Kokoro is an open-weight TTS model with 82 million parameters. Despite its lightweight architecture, it delivers comparable quality to larger models while being significantly faster and more cost-efficient. With Apache-licensed weights, Kokoro can be deployed anywhere from production environments to personal projects.

🐈 GitHub: https://github.com/hexgrad/kokoro

🚀 Demo: https://hf.co/spaces/hexgrad/Kokoro-TTS

🚀 Quick Start

You can run this basic cell on Google Colab. Listen to samples. For more languages and details, see Advanced Usage.

Basic Usage

!pip install -q kokoro>=0.9.2 soundfile
!apt-get -qq -y install espeak-ng > /dev/null 2>&1
from kokoro import KPipeline
from IPython.display import display, Audio
import soundfile as sf
import torch
pipeline = KPipeline(lang_code='a')
text = '''
[Kokoro](/kˈOkəɹO/) is an open-weight TTS model with 82 million parameters. Despite its lightweight architecture, it delivers comparable quality to larger models while being significantly faster and more cost-efficient. With Apache-licensed weights, [Kokoro](/kˈOkəɹO/) can be deployed anywhere from production environments to personal projects.
'''
generator = pipeline(text, voice='af_heart')
for i, (gs, ps, audio) in enumerate(generator):
    print(i, gs, ps)
    display(Audio(data=audio, rate=24000, autoplay=i==0))
    sf.write(f'{i}.wav', audio, 24000)

Under the hood, kokoro uses misaki, a G2P library at https://github.com/hexgrad/misaki

✨ Features

Lightweight and High - Quality: Despite having a lightweight architecture with 82 million parameters, it offers comparable quality to larger models.
Fast and Cost - Efficient: It is significantly faster and more cost - efficient, making it suitable for various scenarios.
Apache - Licensed: With Apache - licensed weights, it can be freely deployed in production environments and personal projects.

📦 Installation

!pip install -q kokoro>=0.9.2 soundfile
!apt-get -qq -y install espeak-ng > /dev/null 2>&1

📚 Documentation

Releases

Model	Published	Training Data	Langs & Voices	SHA256
v1.0	2025 Jan 27	Few hundred hrs	8 & 54	`496dba11`
v0.19	2024 Dec 25	<100 hrs	1 & 10	`3b0c392f`

Training Costs	v0.19	v1.0	Total
in A100 80GB GPU hours	500	500	1000
average hourly rate	$0.80/h	$1.20/h	$1/h
in USD	$400	$600	$1000

Model Facts

Property	Details
Architecture	StyleTTS 2: https://arxiv.org/abs/2306.07691 ISTFTNet: https://arxiv.org/abs/2203.02395 Decoder only: no diffusion, no encoder release
Architected by	Li et al @ https://github.com/yl4579/StyleTTS2
Trained by	`@rzvzn` on Discord
Languages	Multiple
Model SHA256 Hash	`496dba118d1a58f5f3db2efc88dbdc216e0483fc89fe6e47ee1f2c53f18ad1e4`

Training Details

Data: Kokoro was trained exclusively on permissive/non - copyrighted audio data and IPA phoneme labels. Examples of permissive/non - copyrighted audio include:

Public domain audio
Audio licensed under Apache, MIT, etc
Synthetic audio^[1] generated by closed^[2] TTS models from large providers
[1] https://copyright.gov/ai/ai_policy_guidance.pdf
[2] No synthetic audio from open TTS models or "custom voice clones"

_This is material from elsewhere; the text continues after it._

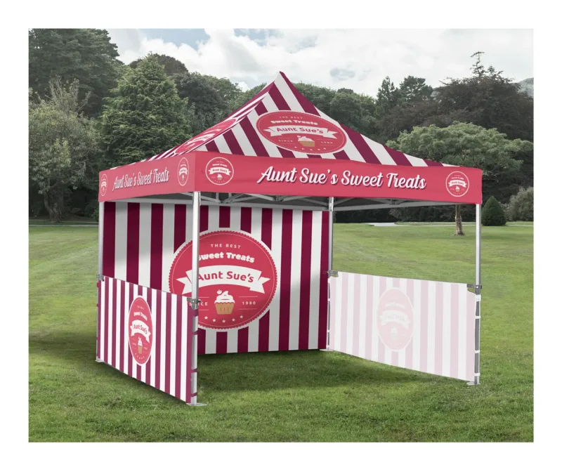 Our 3m x 3m printed pop-up gazebo packages are the ideal solution for creating a strong, professional presence at any event. Each package includes a fully printed roof cover, with additional options such as fully printed sidewalls or half sidewalls to suit your specific setup and branding needs.

Total Dataset Size: A few hundred hours of audio

Total Training Cost: About $1000 for 1000 hours of A100 80GB vRAM

Creative Commons Attribution

The following CC BY audio was part of the dataset used to train Kokoro v1.0.

Audio Data	Duration Used	License	Added to Training Set After
Koniwa `tnc`	<1h	CC BY 3.0	v0.19 / 22 Nov 2024
SIWIS	<11h	CC BY 4.0	v0.19 / 22 Nov 2024

Acknowledgements

🛠️ @yl4579 for architecting StyleTTS 2.
🏆 @Pendrokar for adding Kokoro as a contender in the TTS Spaces Arena.
📊 Thank you to everyone who contributed synthetic training data.
❤️ Special thanks to all compute sponsors.
👾 Discord server: https://discord.gg/QuGxSWBfQy
🪽 Kokoro is a Japanese word that translates to "heart" or "spirit". It is also the name of an AI in the Terminator franchise.

📄 License

This is an Apache - 2.0 licensed model.

⚠️ Important Note

As of April 2025, the market rate of Kokoro served over API is under $1 per million characters of text input, or under $0.06 per hour of audio output. (On average, 1000 characters of input is about 1 minute of output.) Sources: ArtificialAnalysis/Replicate at 65 cents per M chars and DeepInfra at 80 cents per M chars.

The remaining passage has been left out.